- _BRIEF_
An exact transcription is needed, starting at the line containing "В этом случае" and running through the last line of the records, with every picture left out.
[STUDY MATERIAL Boundary: Start]
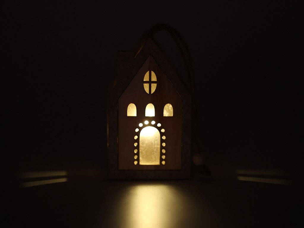 Svítící domeček je vyrobený z kombinace dřeva a pevného filcu. Svítí příjemným teplým světlem, které vypadá jako hvězdička. Díky poutku ho můžete pověsit na větvičky ve váze, na věnce i na vánoční stromeček.Baterie (CR2032) je součástí balení.
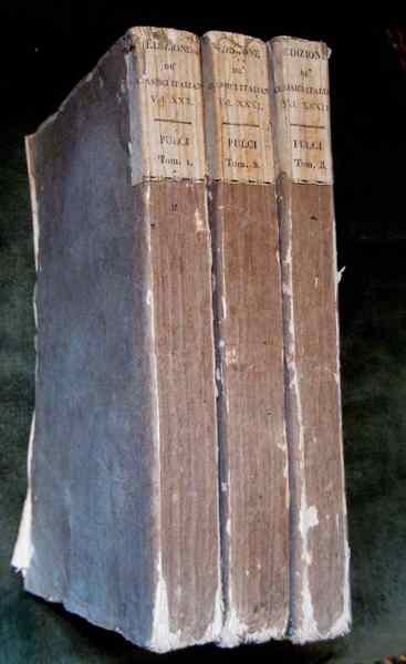 Tre volumi in 8°; pp. xii, 339 (1); 334 (2); 304 (2). Antiporta con ritratto dell’autore incisa in ramenel primo volume. Brossura muta azzurrina originale. Titoli su etichette a stampa. Dorsi con mancanze, per il resto buona copia, a pieni margini. Ristampa dell'edizione del 1732, giudicata la più corretta. Cfr. Gamba, 793.
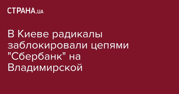 В Киеве радикалы заблокировали цепями "Сбербанк" на Владимирской
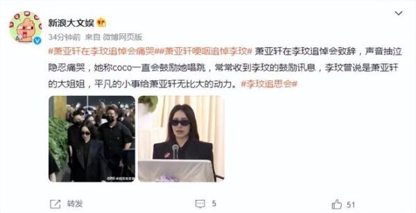 萧亚轩在李玟追悼会痛哭的背后,是一段怎样的姐妹情?
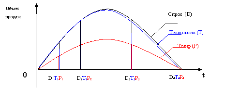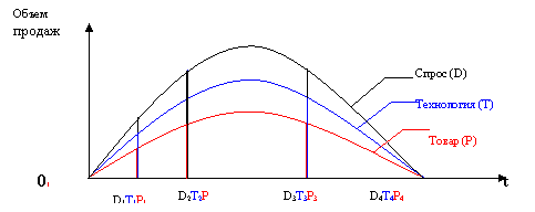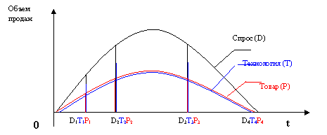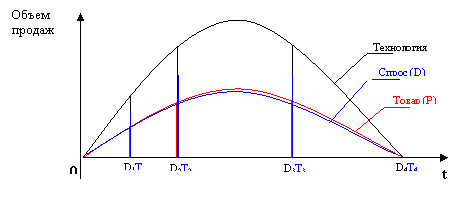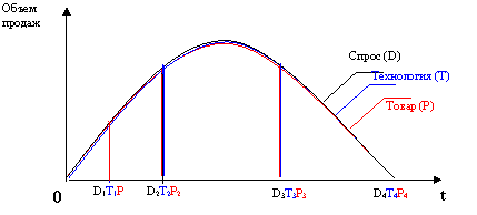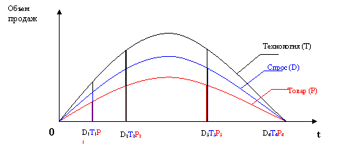 В этом случае кривые жизненных циклов спроса и товара совпадают и расположены под кривой жизненного цикла технологии.
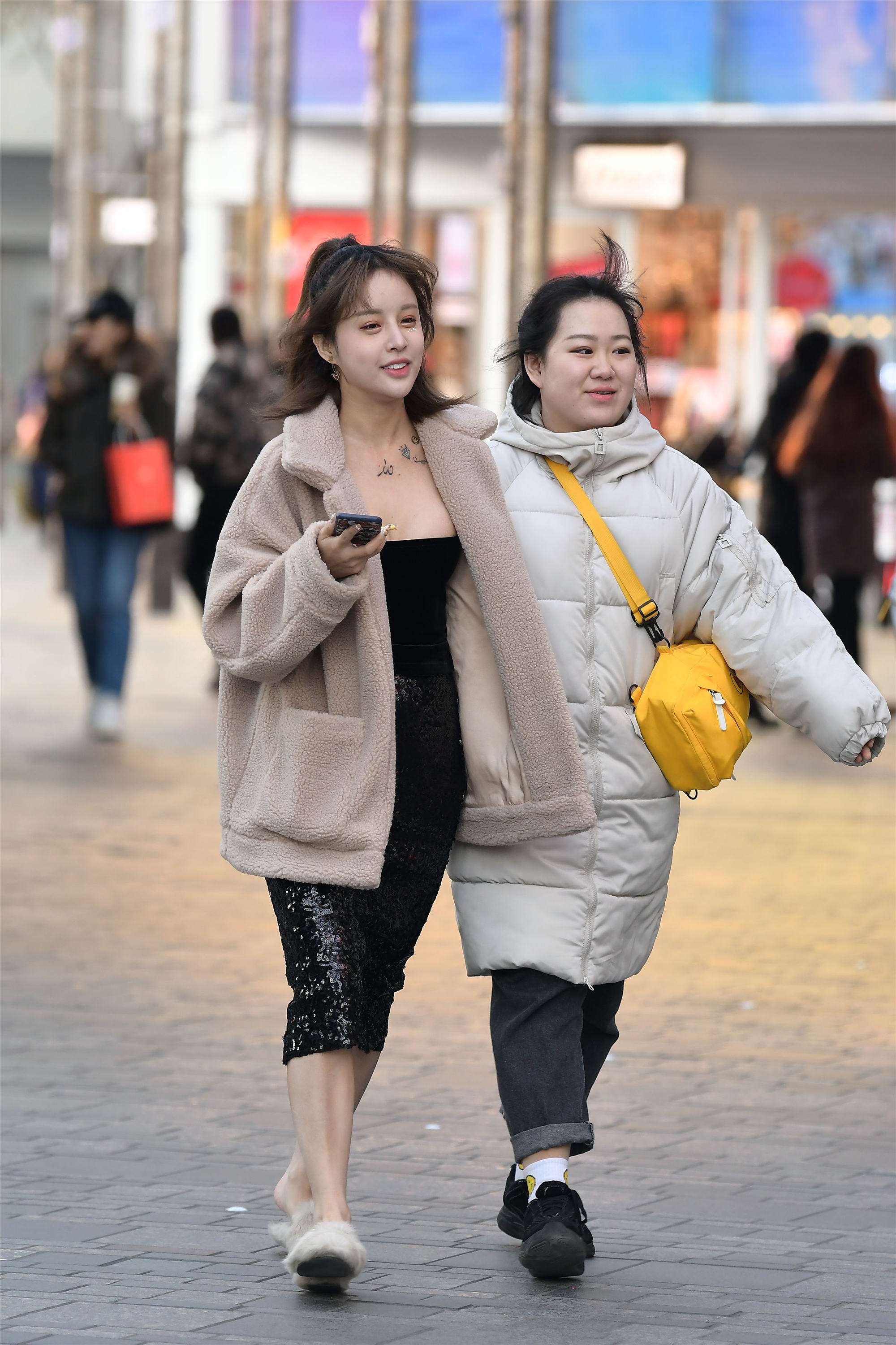 冬天的小姐姐依旧坚持穿着裙子逛街,她们真不怕冻
[STUDY MATERIAL Boundary: End]
- _ANSWER SPACE_
 В этом случае кривые жизненных циклов спроса и товара совпадают и расположены под кривой жизненного цикла технологии.
 冬天的小姐姐依旧坚持穿着裙子逛街,她们真不怕冻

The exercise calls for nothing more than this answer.